Well, if he left the house then he would be guilty of abandonment.

Why not file for divorce?


----------



## kiritia (Mar 10, 2013)

thats the next step but i wanted us to try and sort out the division of assets before we rake up huge lawyers bills we dont have abandonment laws in nz it makes sense for him to move out me and the kids stay here and i give him a lump sum of money at least it makes sense to me!!!


----------



## EleGirl (Dec 3, 2011)

You cannot make him leave the home because it's his legal residence too. So the way to tell him that you are serious is to file for divorce and have him served.

Neither of you will have to leave the house until there is a court order for one of you to move out. That might not happen until the divorce is final.

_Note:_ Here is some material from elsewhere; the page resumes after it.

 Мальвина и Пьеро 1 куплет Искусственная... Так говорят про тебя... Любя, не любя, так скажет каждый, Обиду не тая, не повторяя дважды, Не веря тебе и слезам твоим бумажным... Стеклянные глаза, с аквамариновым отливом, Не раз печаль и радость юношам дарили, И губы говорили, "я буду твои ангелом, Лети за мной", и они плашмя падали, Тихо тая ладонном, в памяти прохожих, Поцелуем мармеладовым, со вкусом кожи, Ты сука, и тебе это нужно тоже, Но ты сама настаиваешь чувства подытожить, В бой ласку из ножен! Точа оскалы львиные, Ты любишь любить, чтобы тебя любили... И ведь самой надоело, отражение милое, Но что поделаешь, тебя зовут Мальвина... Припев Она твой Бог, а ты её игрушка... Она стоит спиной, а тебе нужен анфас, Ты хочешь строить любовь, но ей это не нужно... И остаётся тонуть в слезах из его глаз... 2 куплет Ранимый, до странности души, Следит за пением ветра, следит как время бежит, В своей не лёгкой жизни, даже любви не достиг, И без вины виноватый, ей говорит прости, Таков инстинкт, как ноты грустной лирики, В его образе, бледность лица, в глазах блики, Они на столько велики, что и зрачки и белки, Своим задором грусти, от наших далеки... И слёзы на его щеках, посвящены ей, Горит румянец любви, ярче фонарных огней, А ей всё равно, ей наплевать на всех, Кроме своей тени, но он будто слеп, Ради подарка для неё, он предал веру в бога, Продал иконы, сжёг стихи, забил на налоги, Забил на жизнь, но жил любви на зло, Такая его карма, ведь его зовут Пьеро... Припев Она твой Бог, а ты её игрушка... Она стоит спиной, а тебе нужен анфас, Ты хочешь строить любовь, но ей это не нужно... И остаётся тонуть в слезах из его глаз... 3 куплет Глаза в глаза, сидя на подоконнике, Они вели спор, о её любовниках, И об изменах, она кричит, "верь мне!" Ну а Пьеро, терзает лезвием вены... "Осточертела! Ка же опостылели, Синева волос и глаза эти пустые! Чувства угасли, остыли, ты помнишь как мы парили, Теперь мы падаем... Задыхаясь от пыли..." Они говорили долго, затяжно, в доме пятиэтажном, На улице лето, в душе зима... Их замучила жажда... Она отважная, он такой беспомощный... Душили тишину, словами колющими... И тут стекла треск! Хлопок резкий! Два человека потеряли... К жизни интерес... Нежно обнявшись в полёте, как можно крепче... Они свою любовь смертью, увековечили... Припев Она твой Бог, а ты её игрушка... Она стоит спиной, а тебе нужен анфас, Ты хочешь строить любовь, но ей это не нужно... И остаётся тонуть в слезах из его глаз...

Do you have a job outside the home?


----------



## EleGirl (Dec 3, 2011)

Ask an attorney what your rights are about having him move out.

Write up what you think is a fair settlement and give it to him. I'm not sure about things in NZ. But here in NM i could write up the entire divorce pakage and file it. He'd have 30 days to response if he did not agree with the porposed settlement. I would not need an attorney as the process is not all that complicated since we are not Bill Gates or even near that.

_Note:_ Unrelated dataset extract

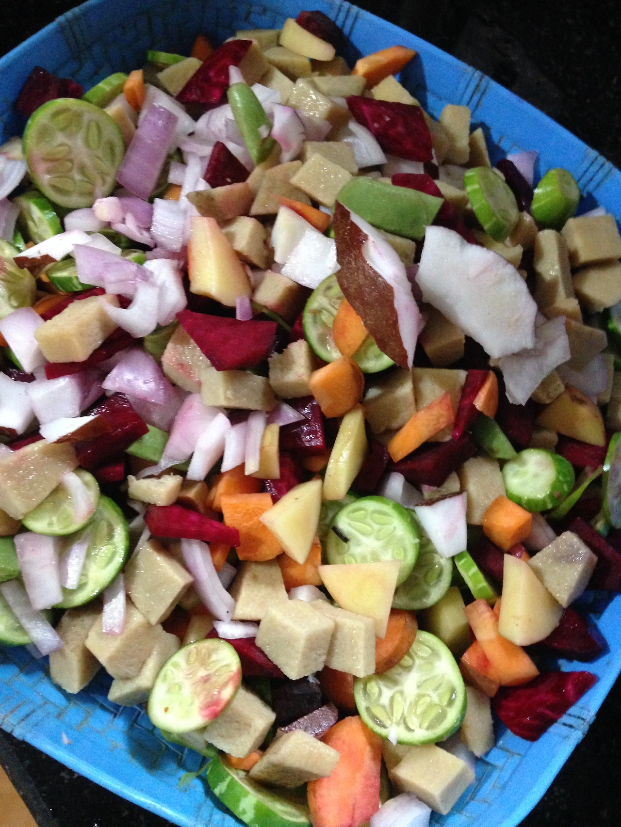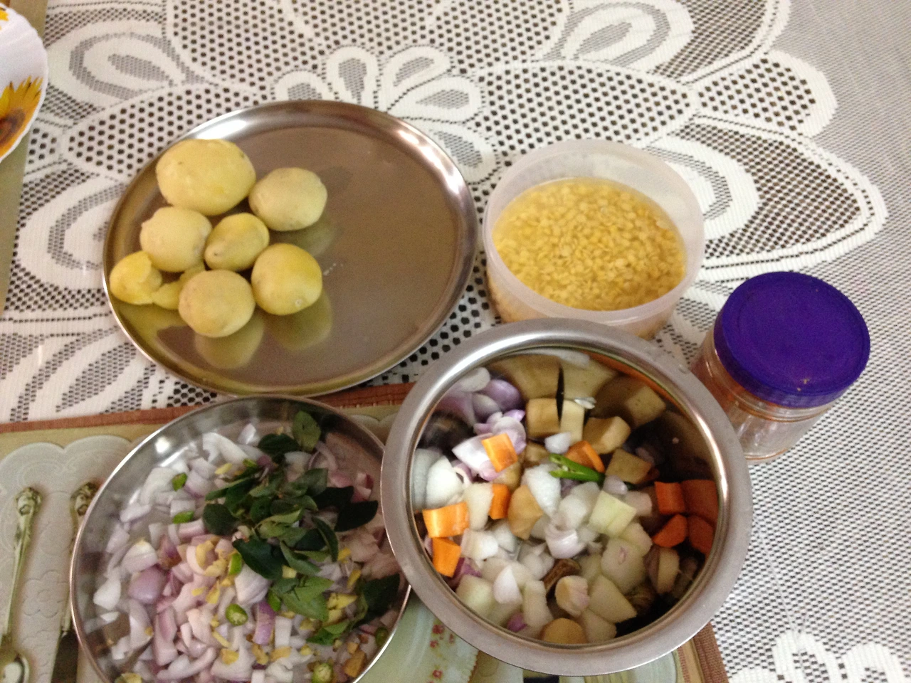 오늘의 재료는 마살라 도사 안에 들어갈 삶은 감자와 쌀가루와 렌틸 콩가루를 섞어 하룻밤 발효시킨 반죽과 인도 양념의 필수인 갖은 향신료 그리고 우리나라의 찌개 같이 야채를 푹 고아 끓이는 삼바(야채수프)에 들어갈 각종 야채들이 이미 썰어져 있었다. 요리를 하는 시간을 줄이기 위해 야채는 미리 손질을 하셨다고 한다.

If you filed, he would then have to take it seriously.

Maybe if you give him the written up settlement you want and tell him he has 7 days to negotiate with you and if he does not you will force the issue with an attorney.


----------



## *LittleDeer* (Apr 19, 2012)

Elegirl, it's different in Australia and New Zealand, we cannot divorce or file untill we have been living a part for at least 1 year.


----------



## EleGirl (Dec 3, 2011)

*LittleDeer* said:


> Elegirl, it's different in Australia and New Zealand, we cannot divorce or file untill we have been living a part for at least 1 year.


Ah... I read on one post that an in-house separation can count if certain things are documented. Perhaps the OP can check with an attorney just in case? If a 1 year separation is required, maybe there is a way to force him out now. 


Or she will have to move out.


----------